Parkinson’s: Freezing of gait, how to manage it
For Parkinson’s disease, freezing is a common symptom, but it can affect people in different ways.
In freezing episodes, a person freezes while walking, often when they are changing direction or about to take a step, as if their foot were glued to the ground. But freezing can also have repercussions on other movements. Some Parkinson’s sufferers say they have had freezing episodes in the midst of continuous action, such as brushing their teeth or combing their hair.

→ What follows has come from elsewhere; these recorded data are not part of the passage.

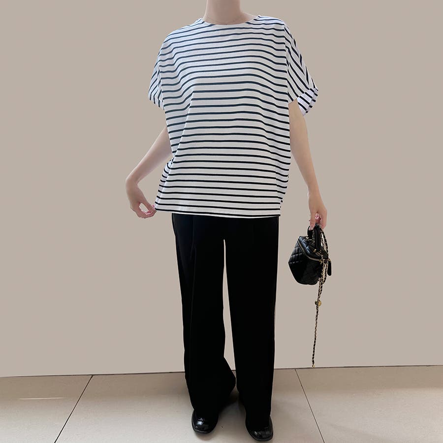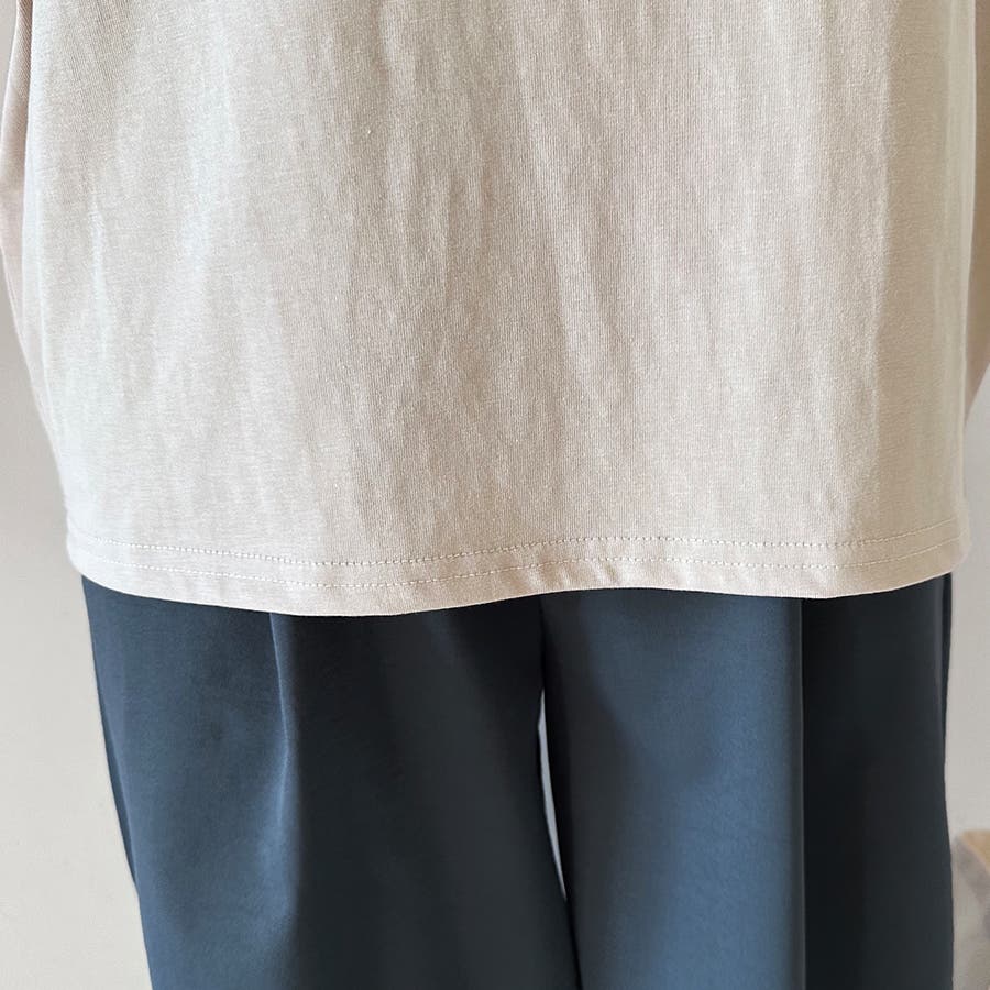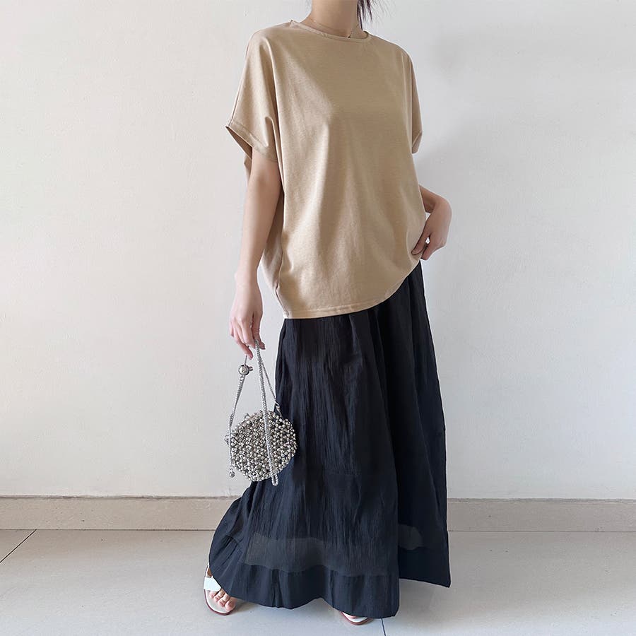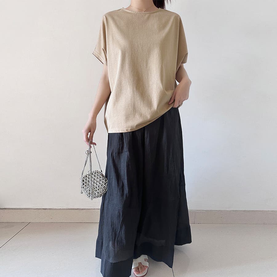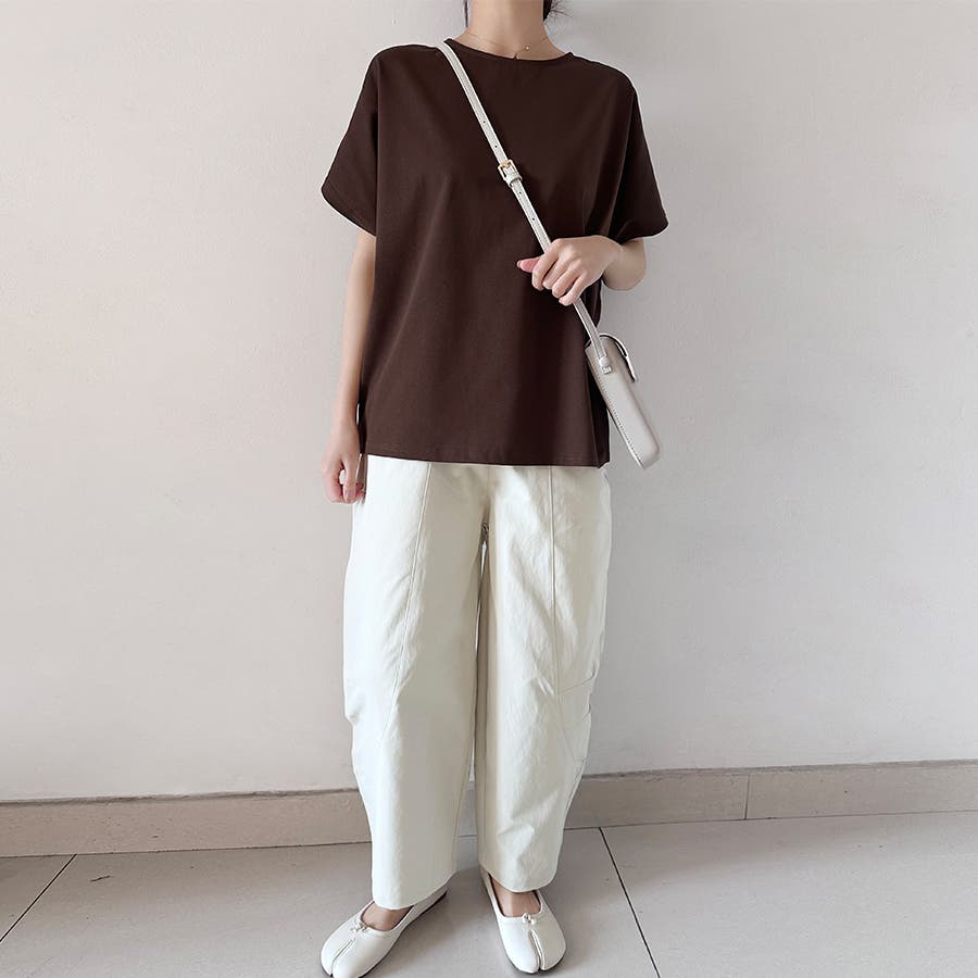 シンプルデザインのため幅広いボトムスと相性抜群。
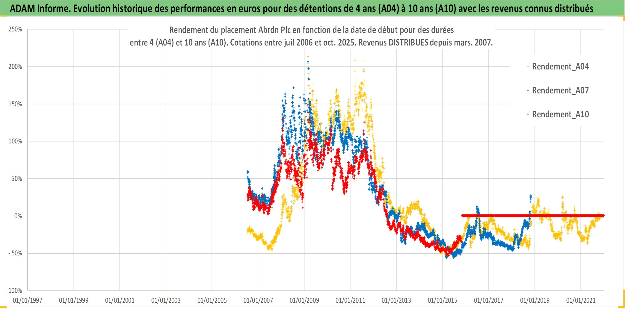 Site dédié aux investisseursPage dédiée sur site financeAnalyse des valorisations hebdomadaires de l'action Abrdn Plc. Cet actif est cote en GBX. Les valorisations sont en contrevaleur EURO et couvrent les semaines 2006W27 a 2025W44. Les revenus de cet actif financier sont pris en compte depuis la semaine 2007W13. La note globale ESG de cet actif est estimee a 12.0 (apres rebasage entre 0 et 20).
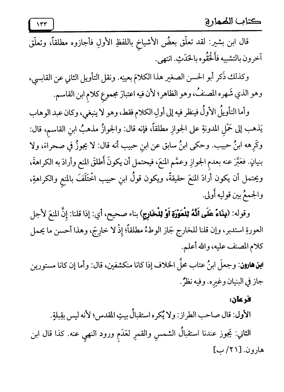 وأما التأويلُ الأولُ فينظر فيه إلى أولِ الكلام فقط، وهو لا ينبغي، وكان عبد الوهاب يَذهب إلى حَمْلِ المدونةِ على الجوازِ مطلقاً، فإنه قال: والجوازُ مذهبُ ابنِ القاسمِ، قال: وكَرِهه ابنُ حبيب. وحكى ابنُ سابق عن ابنِ حبيب أنه قال: لا يجوزُ في صحراءَ، ولا بنيانٍ. فعَبَّرَ عنه بعدمِ الجوازِ وعمّم المنعَ، فيحتمل أن يكونَ أَطلقَ المنع وأرادَ به الكراهةَ، ويحتمل أن يكون أرادَ المنعَ حقيقةً، ويكون قولُ ابنِ حبيب اخْتَلَفَ بالمنعِ والكراهةِ، والجمعُ بين قوليه أَولى.
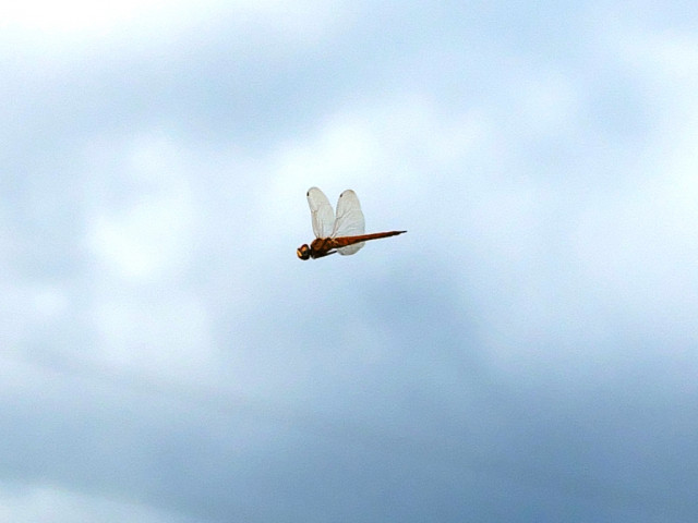 《 トンボのホバリング、飛行機と一緒、脚を引っ込めているね!

Freezing can also affect speech and many people with Parkinson’s say they often freeze midsentence. Most of the time, freezing in Parkinson’s is a temporary action, which, although frustrating, is quickly overcome.
There are a few things you can do to prevent freezing episodes and to overcome them quickly when they occur.
Parkinson’s, what to do when you have freezing episodes
If you have regular freezing episodes, you can talk to your physiotherapist or occupational therapist to develop strategies to manage them. In the meantime, in order to help prevent freezing incidents, be sure to take your medication on time and at the correct dosage, walk to a rhythm (listening to music or a beat can help), take long strides when walking and concentrate on walking with no distractions.
When a Parkinson’s freezing incident does occur, here are some tips that can help you get over it quickly.
Pull your legs up one at a time, marching on the spot, so as to regain fluidity and be able to finish the movement. Also try to swing your arms while standing still.
As you walk, count or repeat left, right, left, right while staying focused on the action. Take your next step at a specific point on the floor.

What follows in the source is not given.